> _Extracted data_:
--------------------

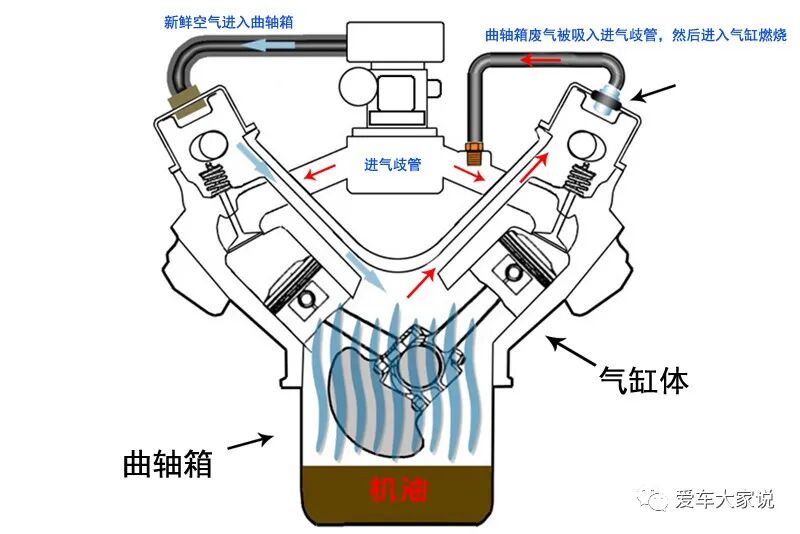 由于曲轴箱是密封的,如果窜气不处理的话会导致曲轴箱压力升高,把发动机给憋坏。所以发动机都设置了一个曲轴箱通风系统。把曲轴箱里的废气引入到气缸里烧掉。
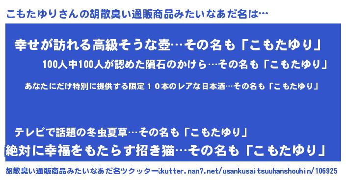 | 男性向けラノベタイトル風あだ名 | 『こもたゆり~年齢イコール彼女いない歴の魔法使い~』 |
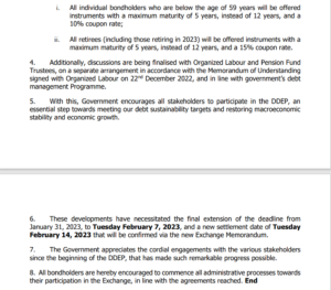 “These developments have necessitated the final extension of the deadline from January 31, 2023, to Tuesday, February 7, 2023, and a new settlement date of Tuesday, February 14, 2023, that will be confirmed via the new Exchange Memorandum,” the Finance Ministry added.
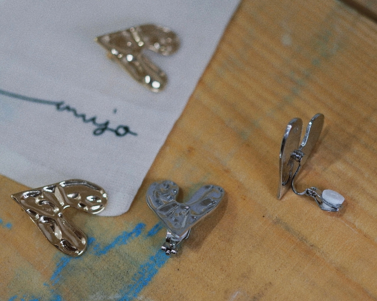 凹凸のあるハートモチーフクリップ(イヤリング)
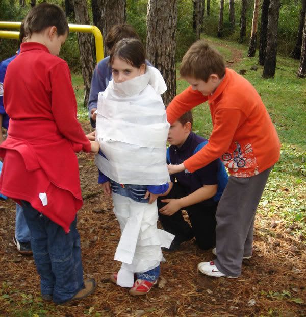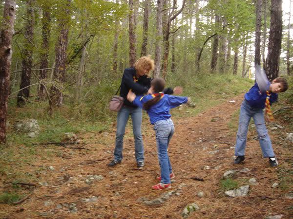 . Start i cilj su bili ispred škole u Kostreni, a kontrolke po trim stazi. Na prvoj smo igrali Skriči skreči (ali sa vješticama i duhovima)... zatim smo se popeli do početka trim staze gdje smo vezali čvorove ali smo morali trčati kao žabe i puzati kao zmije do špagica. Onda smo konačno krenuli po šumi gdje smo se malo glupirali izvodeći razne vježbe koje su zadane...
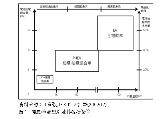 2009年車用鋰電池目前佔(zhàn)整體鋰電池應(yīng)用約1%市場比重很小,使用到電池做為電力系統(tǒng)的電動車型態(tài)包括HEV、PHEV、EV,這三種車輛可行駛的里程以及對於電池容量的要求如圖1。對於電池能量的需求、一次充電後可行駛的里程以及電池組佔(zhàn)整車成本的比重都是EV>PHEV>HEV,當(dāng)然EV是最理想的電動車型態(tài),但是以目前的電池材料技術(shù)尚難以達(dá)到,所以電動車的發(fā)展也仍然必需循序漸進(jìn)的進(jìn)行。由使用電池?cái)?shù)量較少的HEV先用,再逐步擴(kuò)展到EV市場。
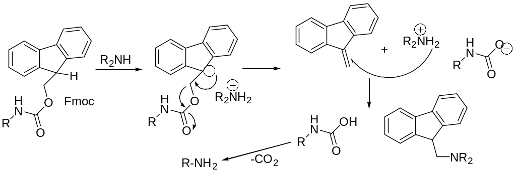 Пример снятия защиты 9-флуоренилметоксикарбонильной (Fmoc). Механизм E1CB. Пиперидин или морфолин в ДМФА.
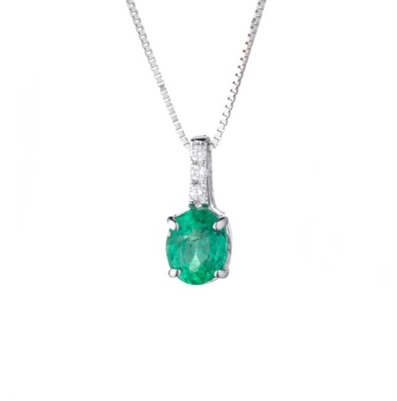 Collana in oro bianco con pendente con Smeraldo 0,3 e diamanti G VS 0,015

--------------------

> _Your objective_:
Go to the line with "Finance Ministry added." in the entries above. Reproduce that line and each one after it to the end, exactly and without the pictures.

> _Exercise answer_:
 “These developments have necessitated the final extension of the deadline from January 31, 2023, to Tuesday, February 7, 2023, and a new settlement date of Tuesday, February 14, 2023, that will be confirmed via the new Exchange Memorandum,” the Finance Ministry added.
 凹凸のあるハートモチーフクリップ(イヤリング)
 . Start i cilj su bili ispred škole u Kostreni, a kontrolke po trim stazi. Na prvoj smo igrali Skriči skreči (ali sa vješticama i duhovima)... zatim smo se popeli do početka trim staze gdje smo vezali čvorove ali smo morali trčati kao žabe i puzati kao zmije do špagica. Onda smo konačno krenuli po šumi gdje smo se malo glupirali izvodeći razne vježbe koje su zadane...
 2009年車用鋰電池目前佔(zhàn)整體鋰電池應(yīng)用約1%市場比重很小,使用到電池做為電力系統(tǒng)的電動車型態(tài)包括HEV、PHEV、EV,這三種車輛可行駛的里程以及對於電池容量的要求如圖1。對於電池能量的需求、一次充電後可行駛的里程以及電池組佔(zhàn)整車成本的比重都是EV>PHEV>HEV,當(dāng)然EV是最理想的電動車型態(tài),但是以目前的電池材料技術(shù)尚難以達(dá)到,所以電動車的發(fā)展也仍然必需循序漸進(jìn)的進(jìn)行。由使用電池?cái)?shù)量較少的HEV先用,再逐步擴(kuò)展到EV市場。
 Пример снятия защиты 9-флуоренилметоксикарбонильной (Fmoc). Механизм E1CB. Пиперидин или морфолин в ДМФА.
 Collana in oro bianco con pendente con Smeraldo 0,3 e diamanti G VS 0,015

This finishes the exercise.